Most dieters are familiar with commercial plans such as Weight Watchers and Jenny Craig — both of which continue to make the magazine’s list for top diets. But a range of options offer fresh approaches, including the MIND diet, the Eco-Atkins diet (a plant-based, Atkins-style diet) and the Ornish diet — which is ranked top for heart health.
The annual rankings list includes 38 different diets, all of which have been evaluated by a panel of doctors, nutritionists and other health professionals. “Each profile is an exhaustive look at what it’s like to be on each plan,” says Angela Haupt, assistant managing editor for health at U.S. News.
The diets are ranked in categories, from “easiest diets to follow” to “best diets overall” to “fastest weight loss.”
The Eco-Atkins diet makes the cut in the fastest weight-loss category. The diet was developed by a nutrition scientist at the University of Toronto. “It’s a plant-based spin on the Atkins diet. It calls for 31 percent of daily calories to come from plant proteins, 43 percent from plant fats and 26 percent from carbs,” explains Haupt. – npr.org
The Mediterranean Diet
This form of diet is highly acceptable by people in Italy, Greece and France. This is the easiest diet to follow and brings with it a host of advantages and positive changes in the body for weight loss. Slowly and gradually the entire world started to follow it. Owing to its simplicity in following the Mediterranean diet has acquired immense popularity. It mainly focuses the consumption of fruits and vegetables.
What are the different food items preferred in Mediterranean diet?
- As mentioned fruits and vegetables are extremely important.
- Sea food
- Moderate amounts of non-vegeterian food like chicken and mutton
- Moderate consumption of red wine.
- Ample of water.
How is Mediterranean diet beneficial?
All the meals which are made keeping in mind the Mediterranean diet are very good for health and do not in any cause the body to gain weight. It is a fact that the food would be delicious and at the same time tasty and powerful.

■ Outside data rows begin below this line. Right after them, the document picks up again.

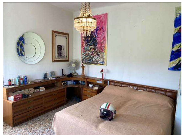
vista camera a est/sud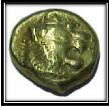
صورة رقم (3)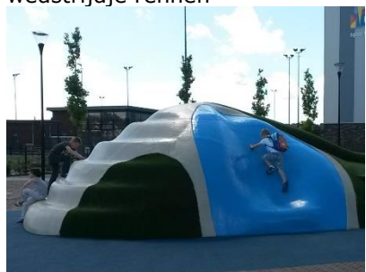
wat je zelf maar bedenkt!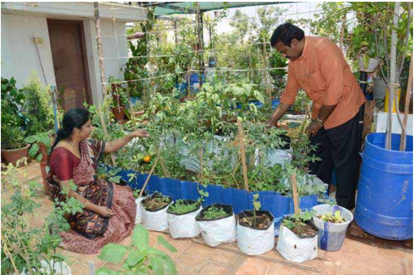
קארו, הודו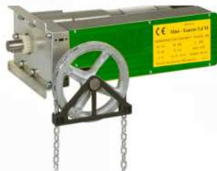
● MOD.SISTEMA MANUAL (EA-00006-00) + (EA-00056-00)

The Mediterranean diet retains a top spot as well. As the reviewers explain in the diet’s profile: “There isn’t ‘a’ Mediterranean diet. Greeks eat differently from Italians, who eat differently from the French and Spanish. But they share many common understandings.”
A consumer-friendly Mediterranean diet pyramid was developed by Oldways, a nonprofit in Boston, working with researchers from the Harvard School of Public Health. The U.S News reviewers point out: “The not-so-surprising secret [of a Mediterranean diet] is an active lifestyle, weight control, and a diet low in red meat, sugar and saturated fat and high in produce, nuts and other healthful foods.” Another bonus: A little red wine with meals is not frowned upon.